Leaving behind children and Papas, not to mention one mama’s pressing obligations in preparing for a certain trip to China, three Mamas went to The Big Apple for the day.
Train to Penn Station
We landed under Madison Square Garden after taking the NJ transit – a much more afordable option than Amtrack, especially when coming from Philadelphia where one can take SEPTA to Trenton, then transfer to NJ transit. It ends up being about 1/4 the Amtrack price. There are also Chinatown buses to NYC, but they land in Chinatown of course, and sometimes it is better to end up midtown. We walked from Penn Station to The Highline.
We scored a beautiful day with low humidity, breezes, and sunshine. There were sailboats in the river and a blimp in the blue, blue sky. I had the excellent companionship of KJ, a homeschool mama and improv actor, and her best friend J, who just got back from three months in Thailand (!!!). I really could not have been happier.
The Highline is an elevated rail line that has been made into a walking trail/park that has delicious design. Flowering vegetation, quirky sculptures and other art that plays off the railroad tracks present in some places, amazing views of trains in use near Penn Station and of the many cranes doing Manhattan construction, glassed-in lookouts over some city streets, and other little surprises like a maze and a water-sidewalk where you could cool your toes. Also, there was a Lego thing, see below:
Below are the maze, the cranes and the trains!!
KJ says she takes everyone here, and I can see why. Built in 1851 and barring females until 1970, this place has a lot of history. Dust covers a collection of drumsticks suspended over the bar, framed photos and paintings and newspaper articles cover the walls, sawdust carpets the floor. I got a bowl of chili and a seltzer for $6. Lunch in Manhattan for $6?? Unthinkable, but it happened! There were not many people there on that weekday afternoon. An older lady with a walker ambled in and we all kind of eyed her suspiciously, but KJ is relentlessly friendly and soon we were sharing a table with DS, a septuagenarian lifetime New Yorker with a gorgeous accent. Talking with DS turned out to be a highlight of the day as she regaled us with stories of Greenwich Village in the early 1960’s when she had male interracial roomates and was involved in the art scene. She did stand up comedy just like KJ!! DS belied our early impressions and proved to be completely lucid, very young in spirit, and appreciative of our company. We were sad to say goodbye to DS, but she had a doctor appointment and we were off to look for discount show tickets
LOVE this bookstore!! We dashed in for just a minute. I wanted a copy of Kahlil Gibran’s The Prophet since I had re-encountered his beautiful, soul-feeding poetry recently. I realize this is a bit of a non-sequitor, but the next time you struggle with life’s pain, just let these words sink in:
Your pain is the breaking of the shell that encloses your understanding.

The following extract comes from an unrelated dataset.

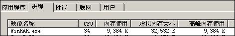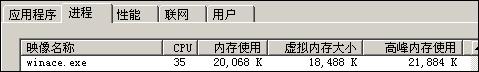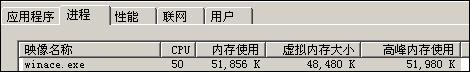 WinAce 压缩时:CPU占用高峰时53%,维持在45-50%之间,高峰内存使用53M,平均内存使用50-53M。

Even as the stone of the fruit must break, that its heart may stand in the sun, so must you know pain.
And could you keep your heart in wonder at the daily miracles of your life, your pain would not seem less wondrous than your joy;
And you would accept the seasons of your heart, even as you have always accepted the seasons that pass over your fields.

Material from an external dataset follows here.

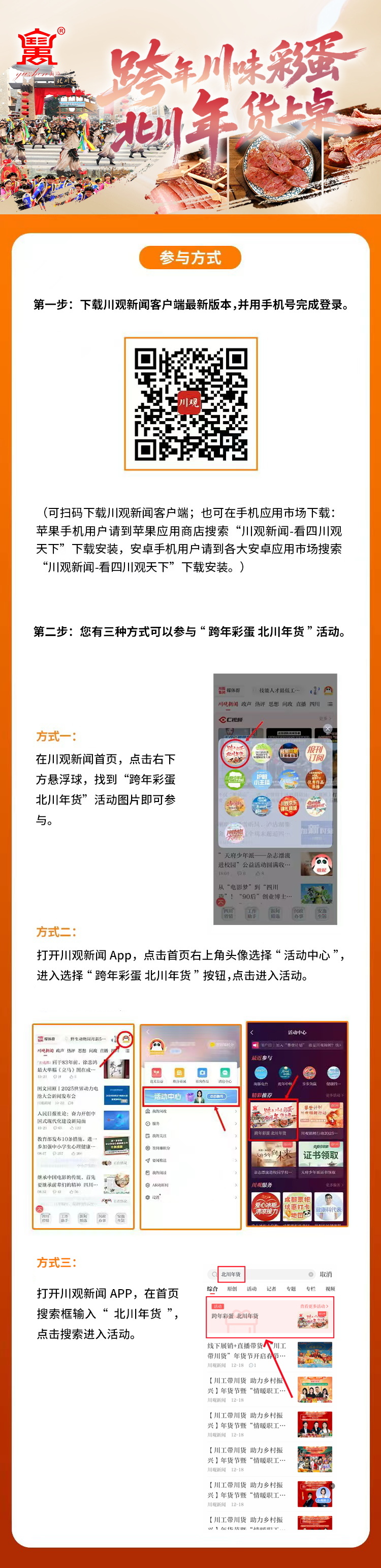本次“跨年川味彩蛋 北川年货上桌”活动,由川观新闻与北川禹珍联合推出。北川禹珍是一家以生态特色养殖、农特产品加工、冷链物流和商贸服务为一体的综合性企业,现为农业产业化省级重点龙头企业、国家高新技术企业、科技型中小企业、省级扶贫龙头企业。此番跨年彩蛋,可是集齐了北川禹珍年货拳头产品!

And you would watch with serenity through the winters of your grief.
Thank you, Mr. Gibran.
Moving on, we took a crazy taxi ride to TKTS at 3pm which, according to KJ who is knowledgable about these things, is the time to go. None of the Broadway or off-Broadway offerings grabbed us, we were having so much fun just talking and being outside in the beautiful weather, so we decided to go to Rockefeller Center.
We walked around the place where the Christmas tree stands every December, which is when we Fantastics tend to visit. This day was full of people sitting outside, enjoying the weather and the people-watching and maybe a treat from a nearby café. We had amazing baked goods from Le Bouchon, which according to Google Translate means “cork” and also “traffic jam” but who cares because YUM!! French pastries!

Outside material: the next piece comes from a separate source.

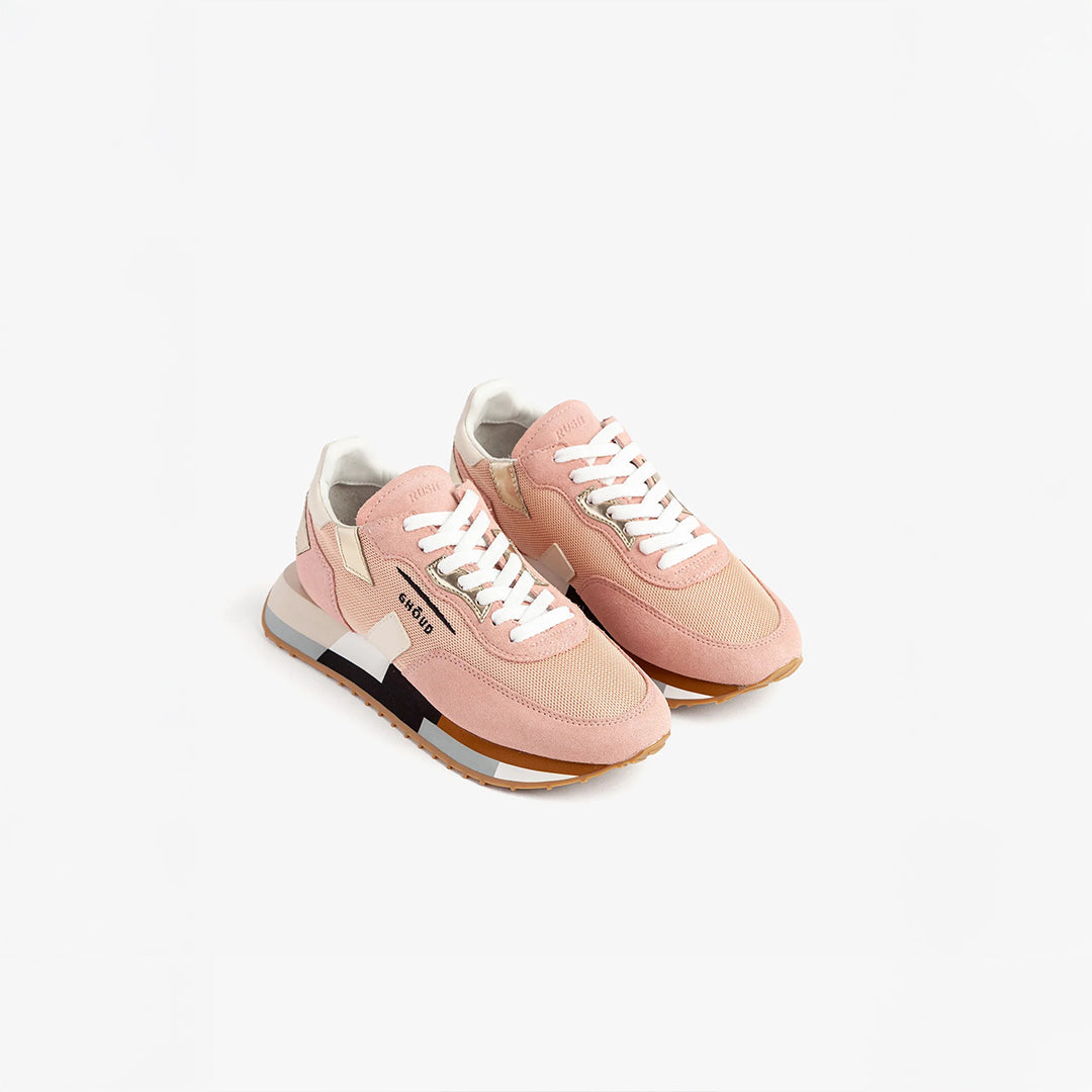 Chaussure contemporaine, fashion running, le modèle Rush Multicolor de Ghōud présente un design minimal caractérisé par des lignes géométriques et décisives.

Below is Times Square, a beautiful church we passed, and the arch at Washington Square Park.
I had to bid adieu after that, since I really have too much to do at home to be traipsing about NYC into the wee hours, sigh. But it was a lovely day and I feel lucky to have walked around admiring the city with such wonderful companions. I also got some hot tips from J about Thailand, mainly that she was happy with Booking.com, which I will look into, and Charles Schwab, which she recommended (along with NomadicMatt) for overseas banking and where I already opened an account! So, thanks KJ, J, DS, and NYC!